■ **Supplied data**
════════════════
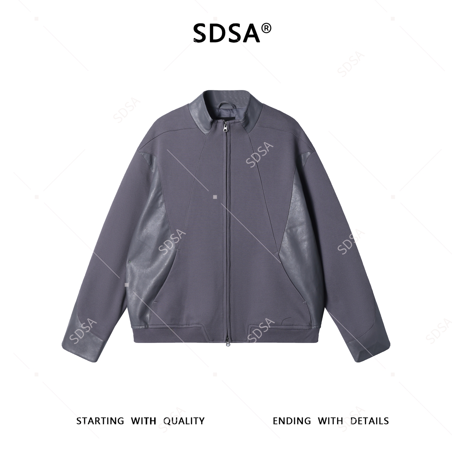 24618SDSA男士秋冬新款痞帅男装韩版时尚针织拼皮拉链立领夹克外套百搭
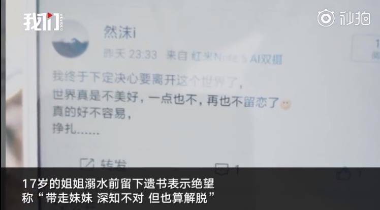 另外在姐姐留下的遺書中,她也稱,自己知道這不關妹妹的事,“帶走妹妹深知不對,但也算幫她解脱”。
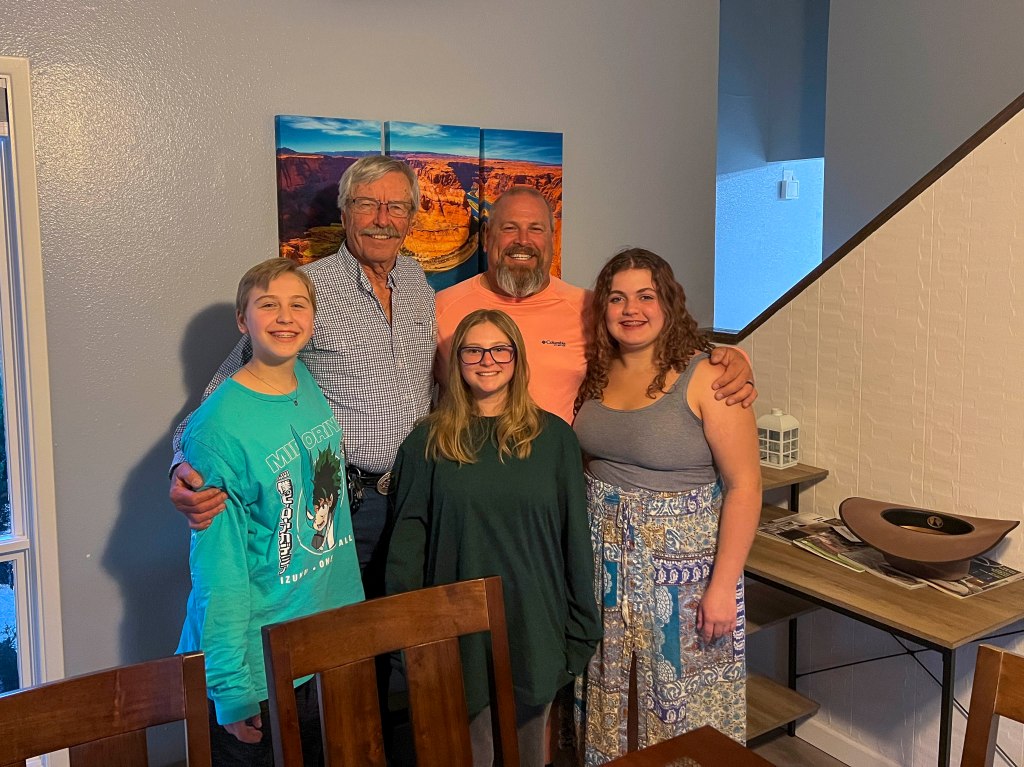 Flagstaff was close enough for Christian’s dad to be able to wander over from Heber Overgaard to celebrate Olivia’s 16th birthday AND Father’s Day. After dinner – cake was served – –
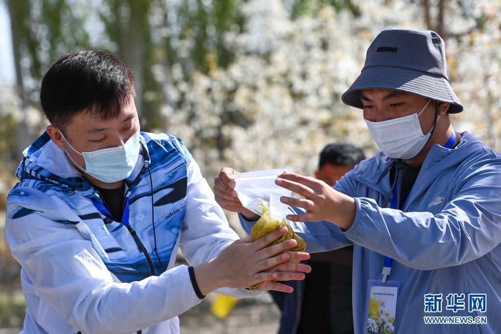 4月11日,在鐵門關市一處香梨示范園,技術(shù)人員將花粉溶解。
════════════════
Starting at the line that holds "另外在姐姐留下的遺書中,她也" and ending at the last line of the material above, repeat each line exactly, both ends included, and leave the pictures out.

■ **Task response**
 另外在姐姐留下的遺書中,她也稱,自己知道這不關妹妹的事,“帶走妹妹深知不對,但也算幫她解脱”。
 Flagstaff was close enough for Christian’s dad to be able to wander over from Heber Overgaard to celebrate Olivia’s 16th birthday AND Father’s Day. After dinner – cake was served – –
 4月11日,在鐵門關市一處香梨示范園,技術(shù)人員將花粉溶解。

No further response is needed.